── GIVEN DATA ──

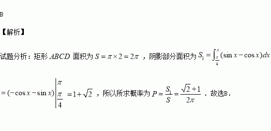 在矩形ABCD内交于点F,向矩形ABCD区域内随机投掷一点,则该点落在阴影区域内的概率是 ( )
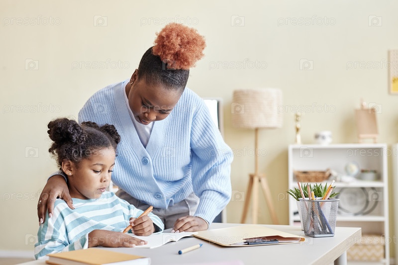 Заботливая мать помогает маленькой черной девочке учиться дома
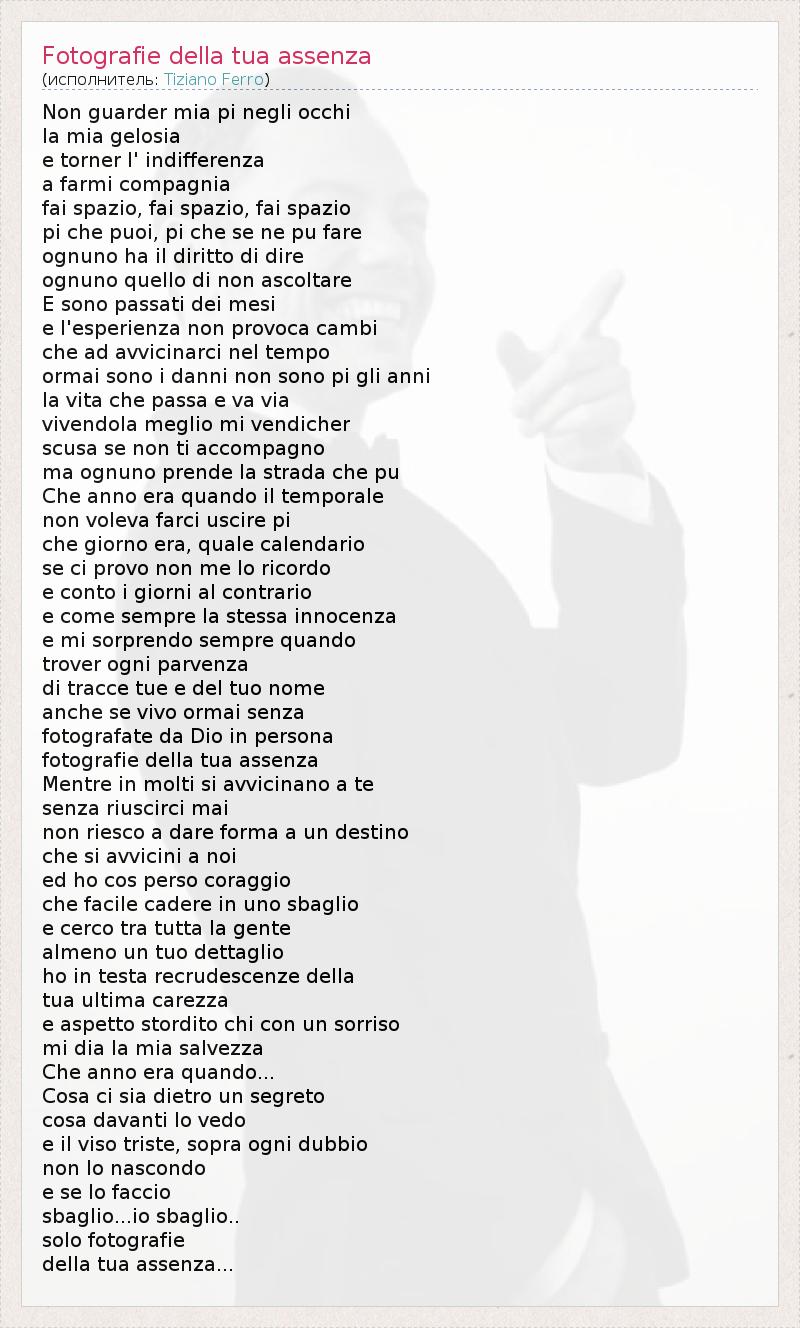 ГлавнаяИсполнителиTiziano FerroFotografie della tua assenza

───
── GIVEN DATA ──

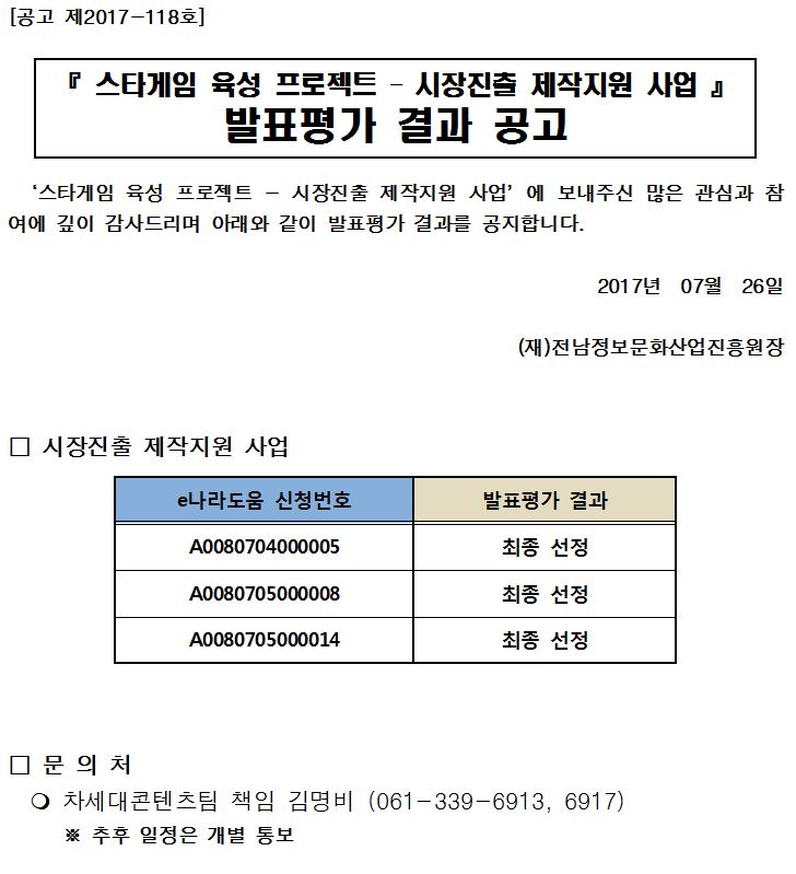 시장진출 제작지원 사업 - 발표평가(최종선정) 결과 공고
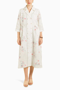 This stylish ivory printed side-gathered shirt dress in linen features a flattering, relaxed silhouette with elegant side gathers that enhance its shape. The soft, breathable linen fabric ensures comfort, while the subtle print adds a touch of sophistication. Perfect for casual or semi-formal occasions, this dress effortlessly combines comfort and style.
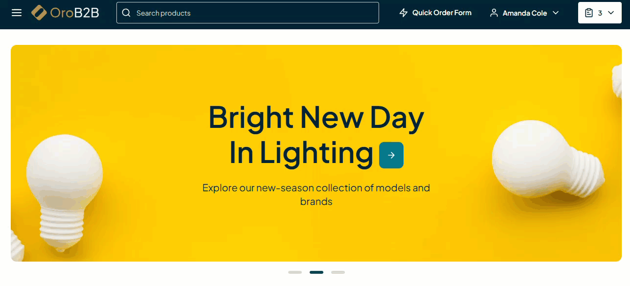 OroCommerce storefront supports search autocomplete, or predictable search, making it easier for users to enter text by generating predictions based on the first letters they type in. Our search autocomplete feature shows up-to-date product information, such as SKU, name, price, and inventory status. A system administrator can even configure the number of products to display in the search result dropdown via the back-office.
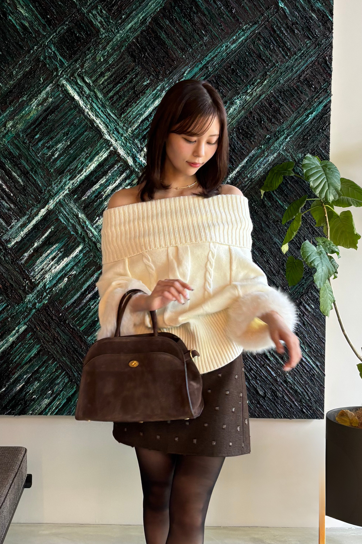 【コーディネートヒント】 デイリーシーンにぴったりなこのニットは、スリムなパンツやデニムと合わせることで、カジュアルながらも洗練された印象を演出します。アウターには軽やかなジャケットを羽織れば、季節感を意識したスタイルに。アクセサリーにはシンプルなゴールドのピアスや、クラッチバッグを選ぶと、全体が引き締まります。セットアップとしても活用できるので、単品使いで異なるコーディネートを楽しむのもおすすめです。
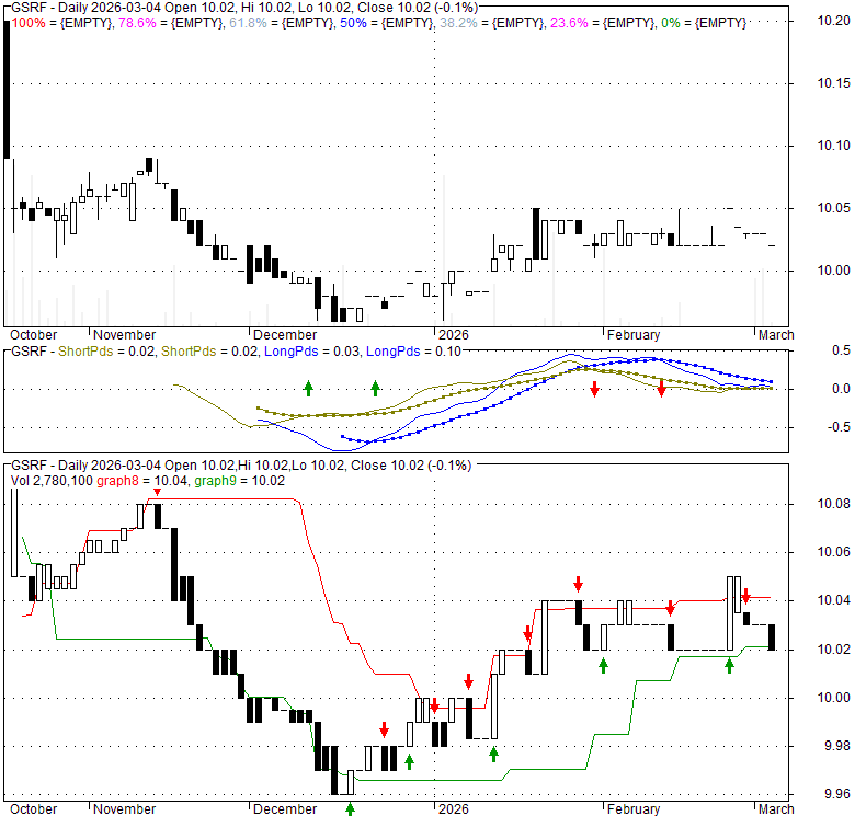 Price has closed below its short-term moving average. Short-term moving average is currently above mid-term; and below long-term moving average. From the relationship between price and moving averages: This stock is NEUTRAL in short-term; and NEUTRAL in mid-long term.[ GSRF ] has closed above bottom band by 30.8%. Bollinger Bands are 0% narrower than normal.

───
── GIVEN DATA ──

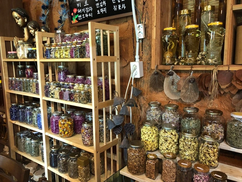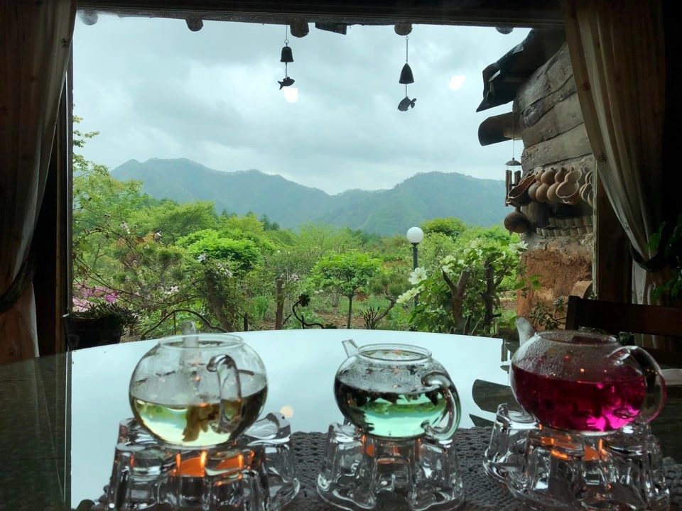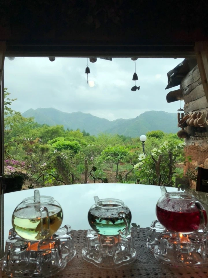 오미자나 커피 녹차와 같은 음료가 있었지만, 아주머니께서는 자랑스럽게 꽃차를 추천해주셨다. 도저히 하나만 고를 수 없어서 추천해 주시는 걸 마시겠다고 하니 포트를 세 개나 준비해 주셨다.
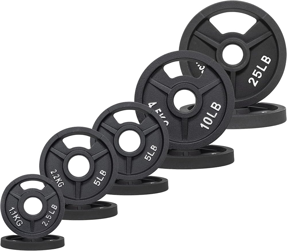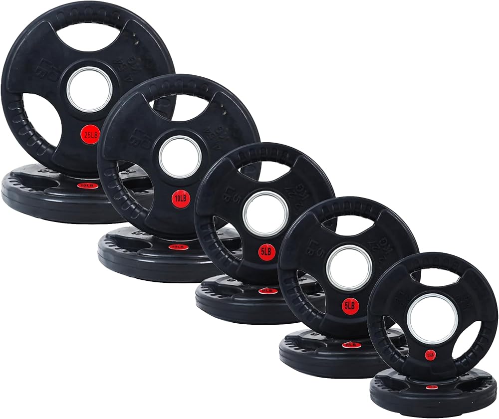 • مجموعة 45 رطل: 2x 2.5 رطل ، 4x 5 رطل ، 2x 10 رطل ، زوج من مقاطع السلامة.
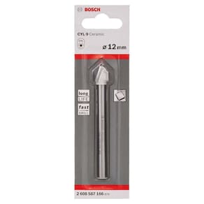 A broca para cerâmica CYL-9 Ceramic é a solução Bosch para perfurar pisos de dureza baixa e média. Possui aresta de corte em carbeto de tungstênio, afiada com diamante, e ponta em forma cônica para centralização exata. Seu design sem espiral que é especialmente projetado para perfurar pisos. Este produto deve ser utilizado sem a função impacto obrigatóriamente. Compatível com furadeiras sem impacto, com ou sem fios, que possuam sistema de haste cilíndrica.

───

▸ YOUR TASK
Output exactly the stretch of the listing that begins at the line containing "오미자나 커피 녹차와" and ends at the line containing "من مقاطع السلامة.", both kept. Omit pictures and everything else.

▸ EXPECTED OUTPUT
 오미자나 커피 녹차와 같은 음료가 있었지만, 아주머니께서는 자랑스럽게 꽃차를 추천해주셨다. 도저히 하나만 고를 수 없어서 추천해 주시는 걸 마시겠다고 하니 포트를 세 개나 준비해 주셨다.
 • مجموعة 45 رطل: 2x 2.5 رطل ، 4x 5 رطل ، 2x 10 رطل ، زوج من مقاطع السلامة.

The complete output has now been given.